Você acha que o Rio é uma cidade insegura por causa da violência das quadrilhas de traficantes de drogas que dominam as favelas da cidade? Pois saiba que a reunião da Comissão Latino-Americana sobre Drogas e Democracia - que apresentou ontem seu relatório final propondo a descriminalização do uso pessoal da maconha como maneira de reduzir a demanda e o tratamento dos viciados como uma questão de saúde pública - foi realizada num hotel do Rio porque, na última hora, os promotores do encontro, que estava marcado para a Cidade do México, não se sentiram em condições de garantir a segurança dos participantes, entre eles os ex-presidentes do Brasil, Fernando Henrique Cardoso, César Gaviria, da Colômbia e Ernesto Zedillo, do próprio México, que dividem a presidência da comissão.
Este é um exemplo da gravidade da situação que afeta do México nesse momento, muito semelhante à vivida pela Colômbia anos atrás.

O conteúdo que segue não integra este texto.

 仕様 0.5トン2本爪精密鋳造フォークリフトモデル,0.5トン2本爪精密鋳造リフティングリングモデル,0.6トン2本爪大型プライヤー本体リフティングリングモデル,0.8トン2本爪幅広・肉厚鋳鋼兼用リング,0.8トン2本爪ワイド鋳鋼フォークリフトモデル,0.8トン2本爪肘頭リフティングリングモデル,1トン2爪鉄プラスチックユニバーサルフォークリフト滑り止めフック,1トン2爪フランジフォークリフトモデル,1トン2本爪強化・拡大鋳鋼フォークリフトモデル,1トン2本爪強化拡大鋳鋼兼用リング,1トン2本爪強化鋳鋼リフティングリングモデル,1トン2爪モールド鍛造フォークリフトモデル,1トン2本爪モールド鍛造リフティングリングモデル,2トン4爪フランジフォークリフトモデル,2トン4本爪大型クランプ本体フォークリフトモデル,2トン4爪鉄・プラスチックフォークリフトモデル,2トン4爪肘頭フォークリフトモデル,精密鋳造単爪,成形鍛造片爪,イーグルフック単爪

A proposta da comissão faz parte de um projeto maior da Organização das Nações Unidas (ONU) de rever os últimos dez anos da política de combate às drogas no mundo, e será debatida junto com outras numa reunião ministerial em Viena, na Áustria, em março.

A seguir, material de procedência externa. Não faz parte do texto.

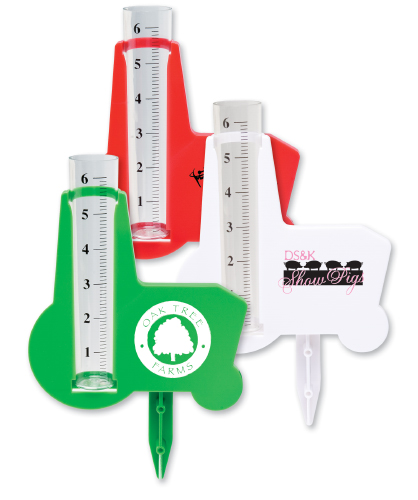 Measuring 6 3/4" wide X 10 1/4" high the Tractor shape Rain Gauge has a large imprint area of 3" wide X 2 3/4" high. Available in Green, Red or White. Minimum imprintable quantity is 250.
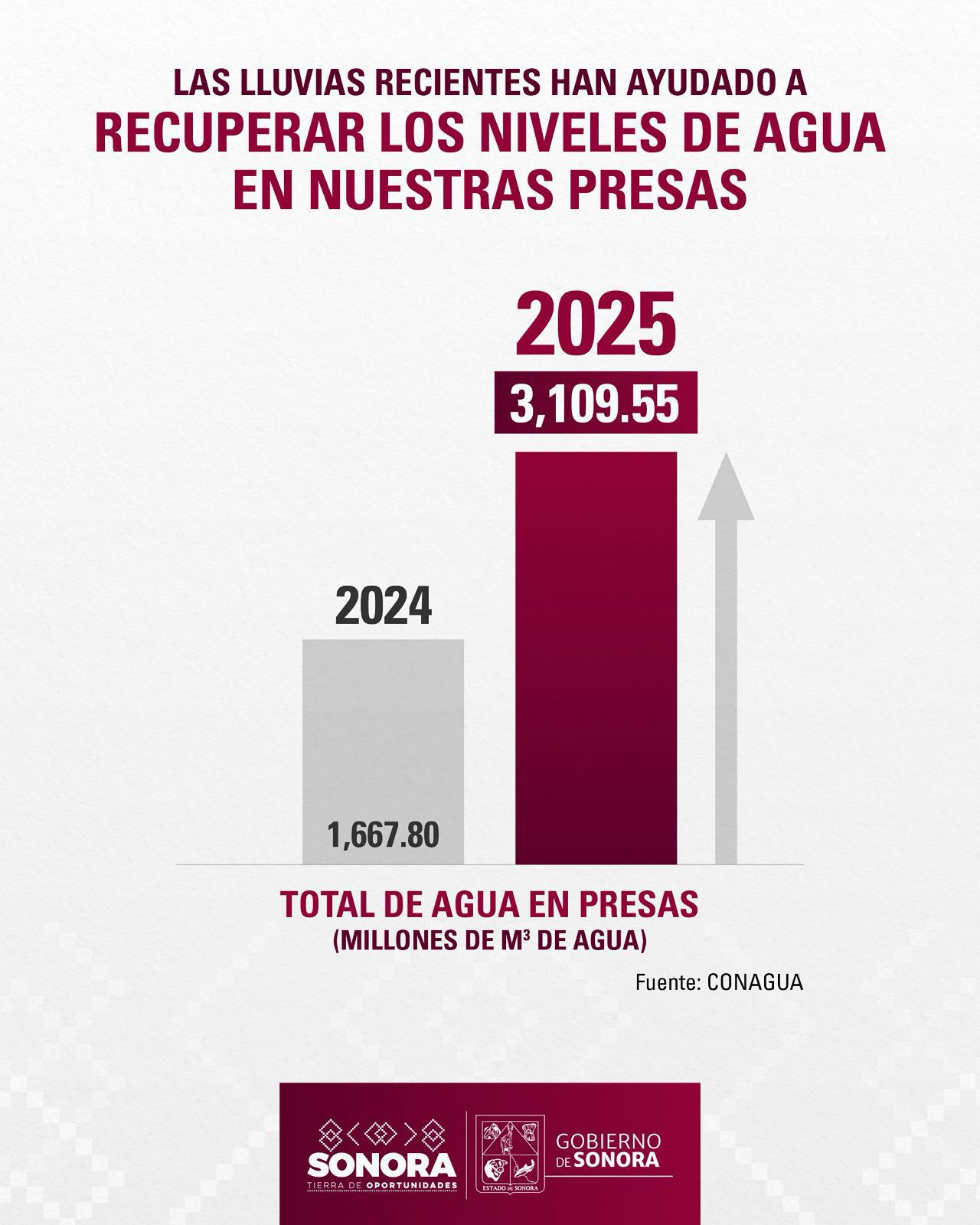 Las recientes lluvias que se han presentado en Sonora por el paso de tormentas tropicales han dejado una recuperación de los niveles de las presas en la entidad, informó el gobernador de Sonora, Alfonso Durazo Montaño, quien realizó un recorrido por las zonas afectadas desde Hermosillo hasta la región del valle de Guaymas y Empalme.
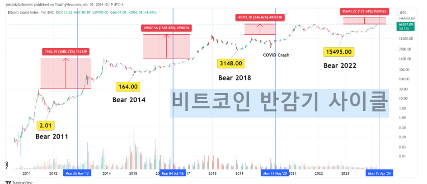 비트코인의 가격은 단기적으로는 급등락을 반복하지만, 장기적으로는 일정한 패턴을 보여왔습니다. 이른바 ‘사이클’입니다. 비트코인은 과거 4년마다 상승과 하락을 반복해왔으며, 이 사이클은 놀라울 만큼 정확하게 맞아떨어졌습니다.

A região está em sintonia com a maior parte do mundo na condenação da política de repressão militarizada que vem predominando nos últimos anos por pressão principalmente dos Estados Unidos, com o apoio da Rússia e do Japão.

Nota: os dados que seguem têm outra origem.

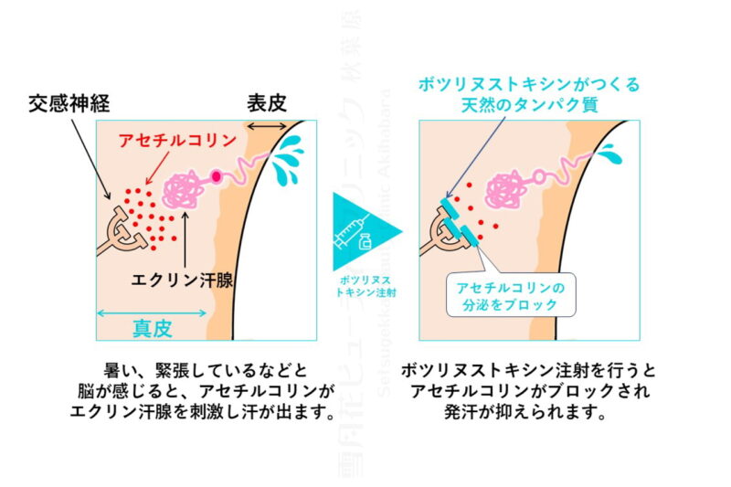 多汗症に対する治療として、A型ボツリヌストキシン製剤を、発汗が気になる部分に注射する方法があります。この薬剤は、エクリン汗腺に発汗を促す神経伝達物質である、アセチルコリンを阻害することより、3~6カ月の期間にわたり、注射した部分の汗を強力に抑制します。短時間の施術で高い効果が期待でき、即効性もあるため、脇汗に伴う汗ジミやニオイにお悩みの方にお勧めできる治療法です。
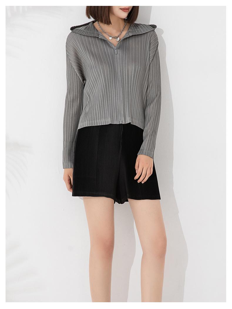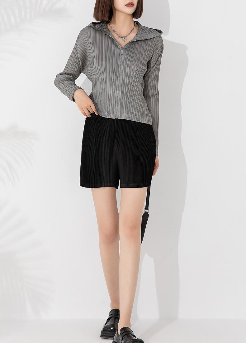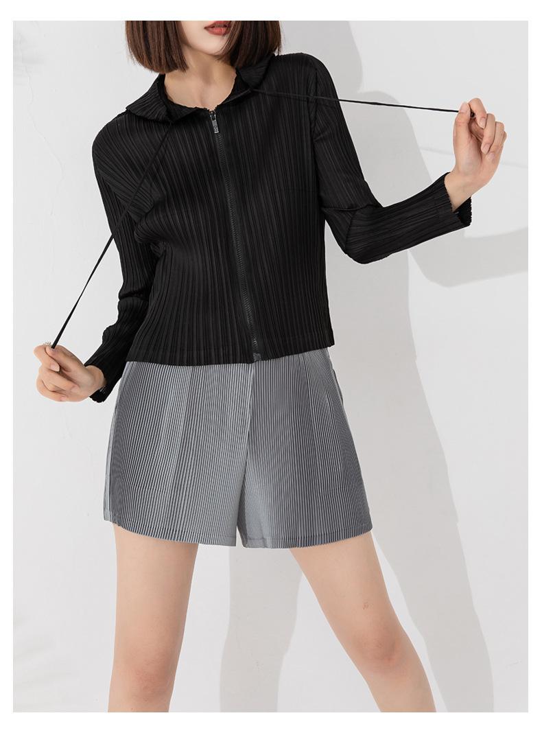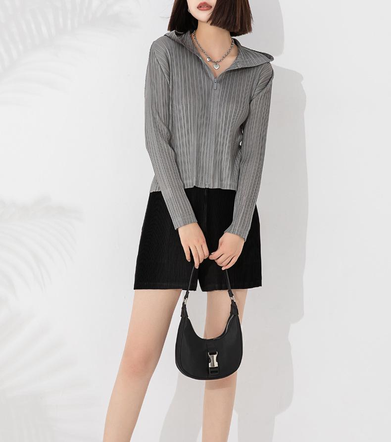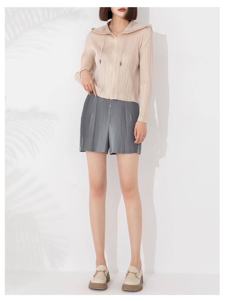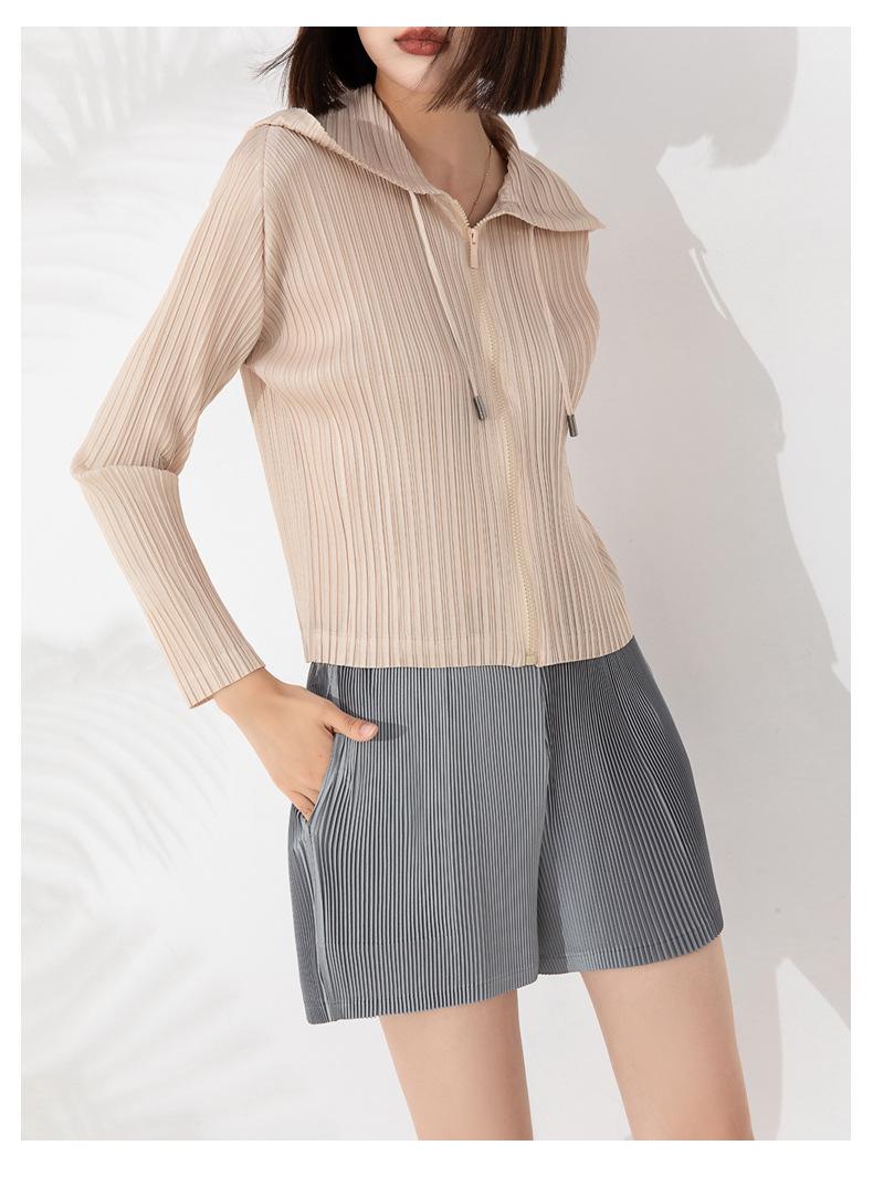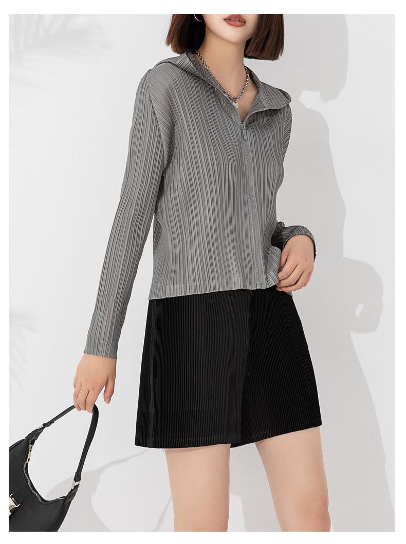 Chaqueta tipo cárdigan de manga larga con capucha y color liso de alta calidad, plisada, con cremallera y protector solar para mujer, primavera y verano 2024

No momento há um intenso lobby internacional para engajar a nova administração de Barack Obama nesse esforço para que a visão mais liberal prevaleça, sem abandonar o "combate implacável" ao tráfico.
A tese básica é que a política de combate ao tráfico tem sido custosa e ineficiente, inclusive para os Estados Unidos, seu grande mentor. O gasto anual subiu de US$10 bilhões nos anos 1980 para US$35 bilhões atualmente. Em 30 anos, o número de presos condenados por crimes relacionados com as drogas subiu de menos de 50 mil para 500 mil, representando um em cada quatro presos nos Estados Unidos.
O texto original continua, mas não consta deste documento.